Para Fávero (2005), a Universidade precisa caminhar também em direção à nova maneira de gestão, ultrapassando as barreiras da gestão burocrática e da NPM para sua completa democratização ou gestão societal. O autor afirma ainda que há a necessidade de se criar espaço para uma participação efetiva no governo da instituição. De acordo com Chauí (2003, p. 5), a universidade “exprime de maneira determinada a estrutura e o modo de funcionamento da sociedade como um todo”. Dessa maneira, podem ser percebidos, em seu interior, opiniões, atitudes e projetos conflitantes que revelam as divisões e contradições encontradas na sociedade.

Aqui, conclui-se a revisão da literatura sobre a gestão pública no Brasil. Ao longo deste capítulo fez-se um resumo dos principais modelos adotados a partir do Brasil República. Apresentou-se, em seguida, a teoria do modelo patrimonialista, burocrática, gerencialista e o modelo societal. A intenção com o histórico desses modelos foi entender a implementação dos modelos de gestão pública no Brasil e como isso se configurou, desde a macro (administração do país, estado e cidades) até a micro (dentro das instituições públicas, tais como, a UFU).
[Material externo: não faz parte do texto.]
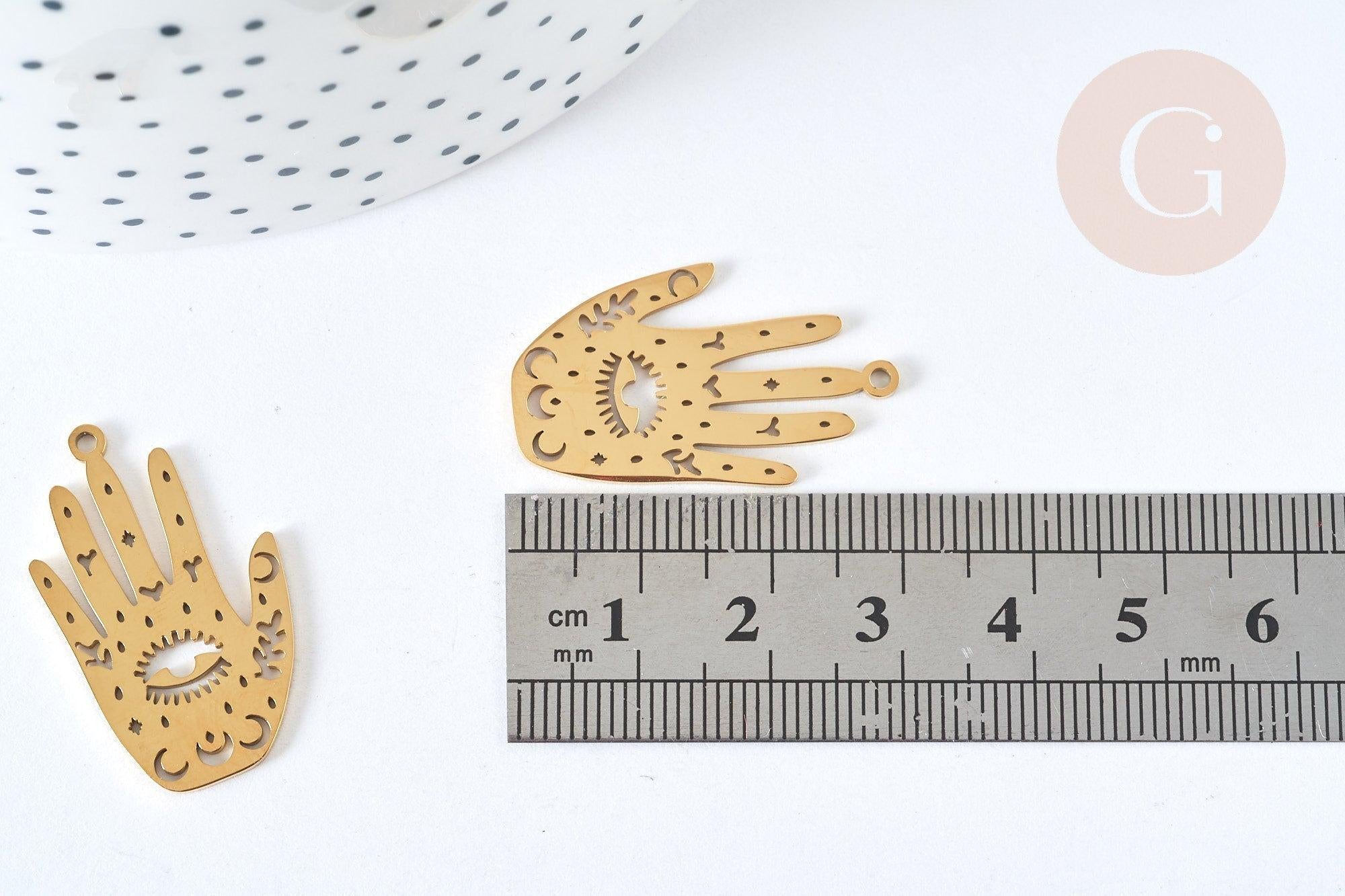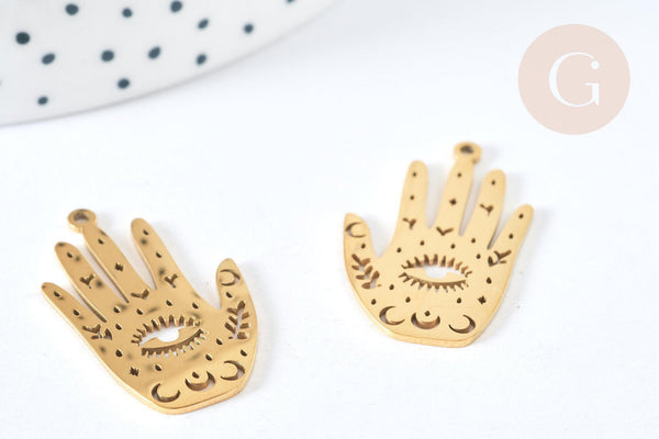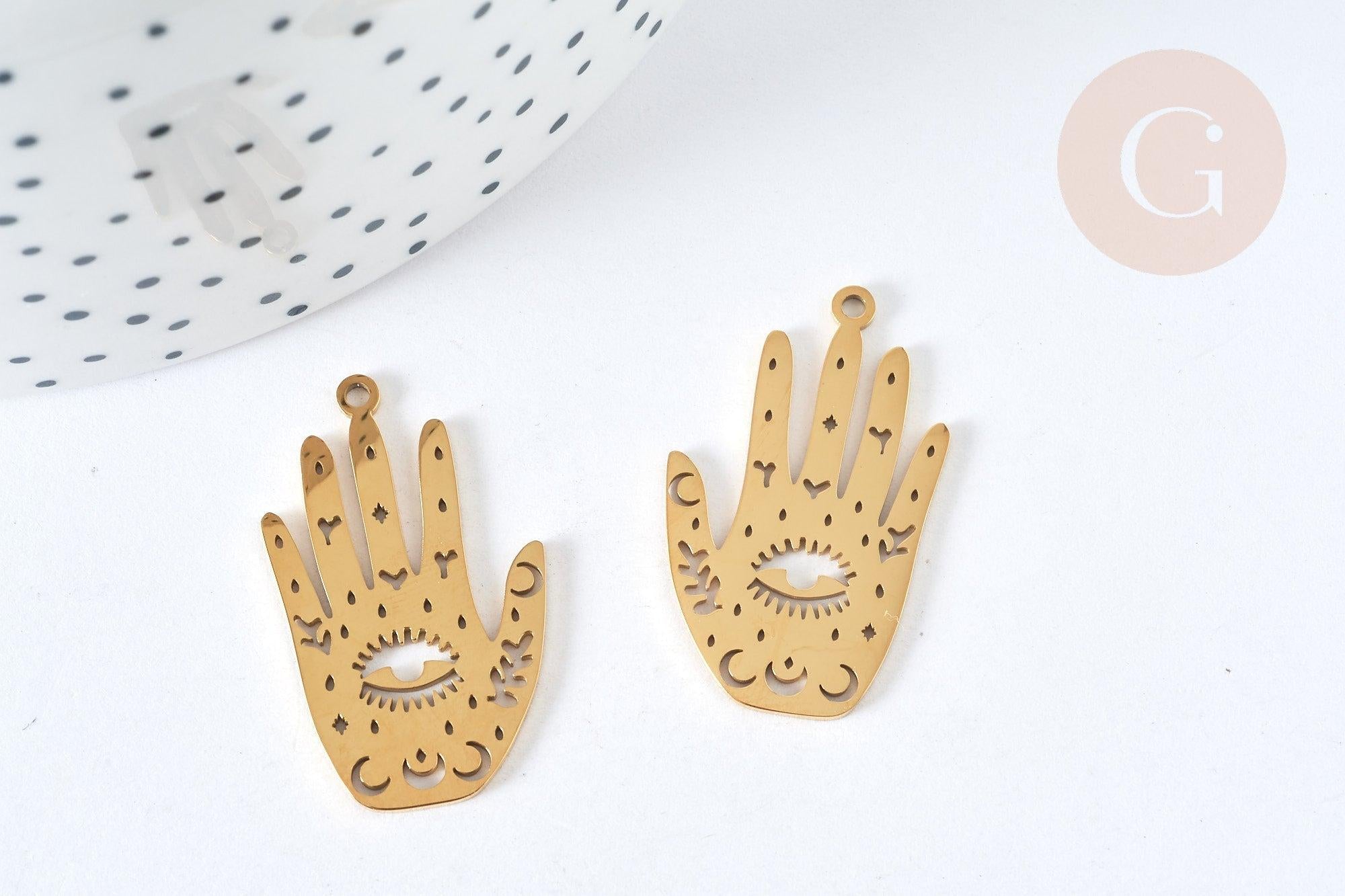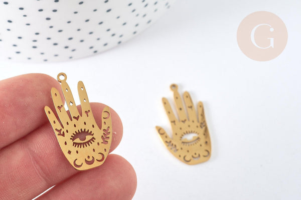 This pendant in 201 gold stainless steel has the shape of a mystical hand composed of a moon, with a central eye. This will allow you to create incredible DIY costume jewelry on the theme of mystical jewelry, oracles.

Essa contextualização trouxe ao pesquisador o entendimento de que os modelos de gestão implementados no Brasil estão caminhando, gradativamente, em direção, enquanto forma de gerir a res pública, para uma administração mais próxima de modelos utilizados na iniciativa privada, ainda que, por outro lado, haja dificuldades de implementação de modelos de gestão da iniciativa privada sem o necessário ajustamento para a gestão pública. Foi possível notar também que não há que se falar em modelos superiores e inferiores, uma vez que todos foram implementados na busca da eficiência e da eficácia da gestão com o objetivo de tornar a gigantesca máquina pública mais produtiva e adequada aos anseios da população pela prestação de serviços de melhor qualidade.

Como visto na literatura (SECCHI, 2009), não existe um modelo único a se estabelecer. A gestão pública brasileira carrega no seu cerne diversas características de modelos de gestão que fazem alusão, até mesmo, ao período colonial. O estabelecimento de novas metas e a identificação de novas necessidades e demandas sociais são importantes para

que se introduzam, mesmo que pontualmente, como no caso de uma autarquia, mudanças que possam contribuir para o melhor desempenho da gestão pública. Fazer essa contextualização trouxe ao pesquisador, ainda, o entendimento da importância em se buscar por novas ferramentas de gestão atualizadas que ajudem o agente público no desafio de administrar demandas específicas de instituições, órgãos e setores.